Потрясенная заявлением Эдварда, Джулия сделала шаг назад и недоверчиво посмотрела на него. Ей казалось, что в следующее мгновение он рассмеется, но он оставался серьезен. Должно быть, он пытался обмануть ее, получить ее прощение или что-то другое, чего она не понимала.

– Я тебе никогда не нравилась.

– Боже мой, если бы это было правдой!

Стремясь понять его, она продолжала смотреть, как он проходит к буфету, наливает скотч в один бокал, а бренди – в другой. Вот и второе главное различие братьев. Альберт никогда бы не предложил ей крепкие напитки. Почему она думала, что путешествие по Африке может изменить его принципы?

Но она не могла взять бокал с бренди. Она едва могла заставить себя двигаться. В происходящем не было смысла.

Отставив ее бокал, он взял свой и подошел к окну.

– Очень важно, чтобы Элли… леди Альберта выросла здесь, – тихо сказал он.

Джулия моргнула, пытаясь сосредоточиться на словах, которые он произнес. Она ожидала, что он объяснит свою предыдущую фразу. Той ночью в саду он заставил ее почувствовать себя дурочкой. Хотел ли он повторить то же самое сейчас?

– Альберт и я не имели такой возможности, – продолжал Эдвард. – Он никогда не простит меня, если у его дочери заберут это. Я перебрался в другое крыло. Резиденция достаточно просторная, так что мы можем годами не пересекаться. Конечно же, я буду проводить как можно больше времени в других поместьях и в своей лондонской резиденции, чтобы не обременять тебя своим присутствием.

Час назад, даже пять минут назад, она ожидала, что он скажет что-то подобное: чтобы ее не обременяло его присутствие. Но он сказал, что любит ее.

Она неохотно подошла, стараясь держаться подальше, чтобы не вдыхать знакомый аромат бергамота, но достаточно близко, чтобы видеть каждую черточку, даже самую крошечную, на его лице.

– Ты едва мог говорить со мной.

Он закрыл глаза и сказал:

– Джулия…

– Когда я входила в комнату, ты выходил.

Эдвард опустил голову и сжал челюсть.

– Ты никогда не говорил мне ничего хорошего. Хотя, признаться, и плохого тоже. Просто все твои реплики звучали… добропорядочно, словно ты говорил их, потому что от тебя ожидали подобное.

– Так было проще.

Повернувшись, он прислонился к стене, слегка согнув колено, словно нуждался в опоре. Он был воплощением чистой мужественности, и она ненавидела себя за то, что заметила это.
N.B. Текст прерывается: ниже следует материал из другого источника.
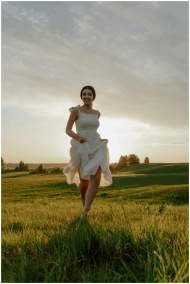 A woman joyfully runs through a sunny meadow, capturing the essence of summer freedom.
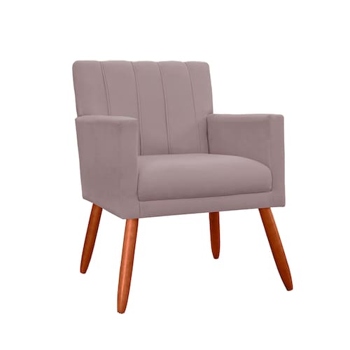 Poltrona Cadeira Estofada Para Hall de Entrada Cecília Suede Rosê - LM DECOR

– Мне было проще, когда ты смотрела на меня с отвращением. Какой мужчина захочет женщину, чьи глаза вспыхивали от отвращения всякий раз, когда она его видит? Когда этого стало недостаточно, я пил, пил и пил, чтобы унять тоску, чтобы показаться отвратительным, чтобы жена моего брата выгнала меня из их резиденции. Чтобы Альберт даже мысли не допускал о том, что я желаю женщину, которую он любит. Женщину, на которой он женился.

Так долго? Он так долго держал эти чувства в себе? Как она и Альберт не догадались? Она прислонилась к оконной створке, нуждаясь в поддержке. В коленях появилась слабость от столь неожиданного откровения. Ситуация казалась нереальной.

– Когда ты понял, что чувствуешь ко мне?

Он поднял бокал, выпил оставшийся скотч, перевел взгляд на окно и прищурился.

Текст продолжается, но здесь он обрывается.